高レベル放射性廃棄物の輸送・処分費用について

TRU廃棄物の地層処分費用について

使用済燃料輸送費用・中間貯蔵費用について

ウラン濃縮工場バックエンド費用について

バックエンドコスト算定に係る共通補足事項資料

バックエンド事業費の海外との比較

バックエンドコスト算定における主な変動要因について

モデル計算による各電源の発電コスト


バックエンドコストと今後のバックエンド事業


2005年に定められたバックエンド事業制度・措置は?

2005年5月11日に成立し、10月1日に施行となった法律で定められたのは:

電力料金に上乗せして徴収していた対象を拡大する。
 これまでの対象
再処理操業本体費用
高レベル放射性廃棄物のガラス固化費用
 追加される対象
ガラス固化体貯蔵
返還廃棄物管理
TRU廃棄物の処分
再処理施設の廃止等
これまでは電力会社内部で積み立てていたものを外部積立とする
 既に内部で積み立てられている分については、15年以内に外部積立に移す。
既発電分に関する上の追加対象については、15年に渡って分割回収する。

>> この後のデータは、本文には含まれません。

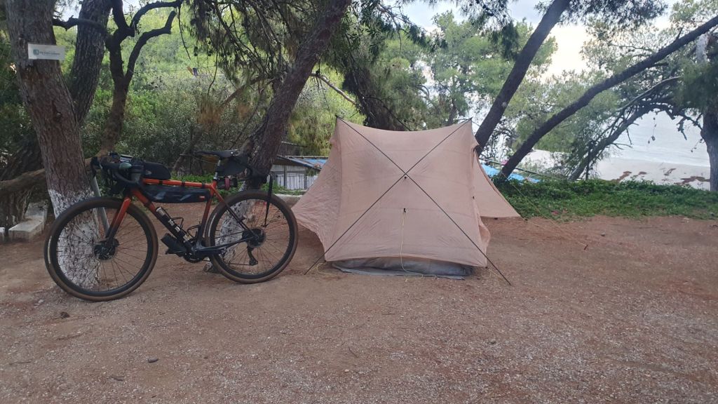 I have sort of got into the habit of stopping quite early. I like getting my tent set up washing my cycling clothes and knowing they’ll be dry in the morning. I have stayed at https://www.akrata-beach-camping.gr/index.php/en/home before and so when I saw it come up on the map I went in like a rat up a drainpipe.
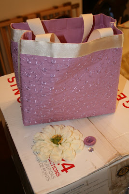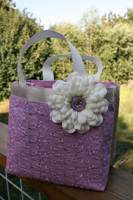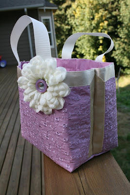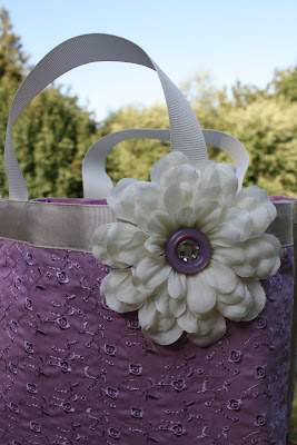 This is so simple to make!! All you need is a place mat (found this one at the $1 store) Sew the sides together then sew the corners in and trim. Add ribbon for handles and embellish. I used a fake flower with a purple button and rhinestone. Turned out so cute!
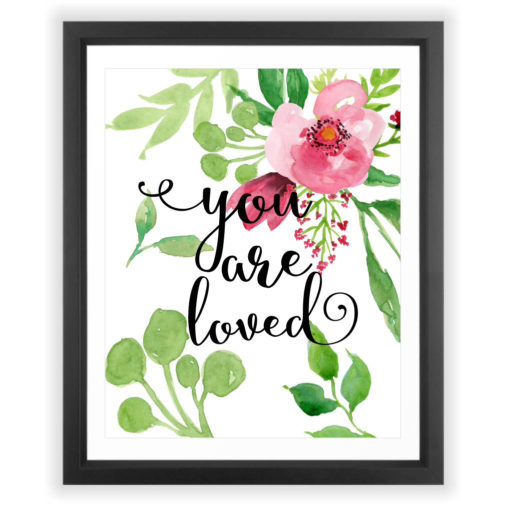 Eleville 8X10 You are loved Floral Contemporary Watercolor Art Print Eleville 8X10 You are loved Floral Contemporary Watercolor Art Print
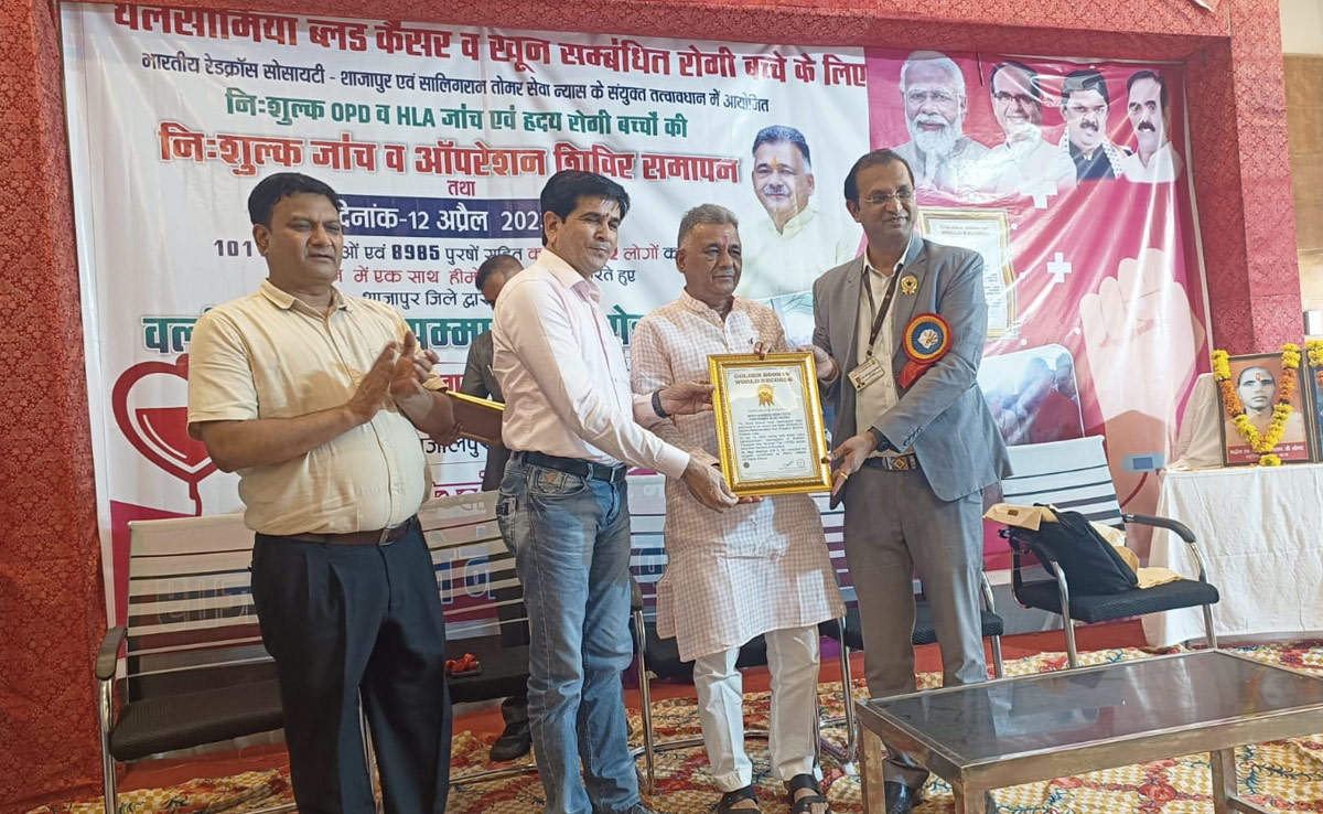 शाजापुर में बना सबसे ज्यादा HLA टेस्ट का रिकॉर्ड, सर्वाधिक हिमोग्लोबिन जांच के लिए मिला सर्टिफिकेट

自由化で特定規模電気事業者(PPS=Power Producer & Supplier)から電力を購入するようになる消費者からも回収する。電力会社(一般事業者)の送電線を使って特定規模電気事業者の電力を運ぶ「託送」制度を利用し、送電線使用量に上乗せして回収する仕組み。
これまでは、発生する使用済燃料すべてについて準備金を積み立てていたが、新制度では、六ヶ所再処理工場で再処理される分についてのみ積み立てる。2010年以後中間貯蔵が始まった場合、そこに送られ、その後第二再処理工場か直接処分に向かうものについては、当面、準備金の積立を行わない。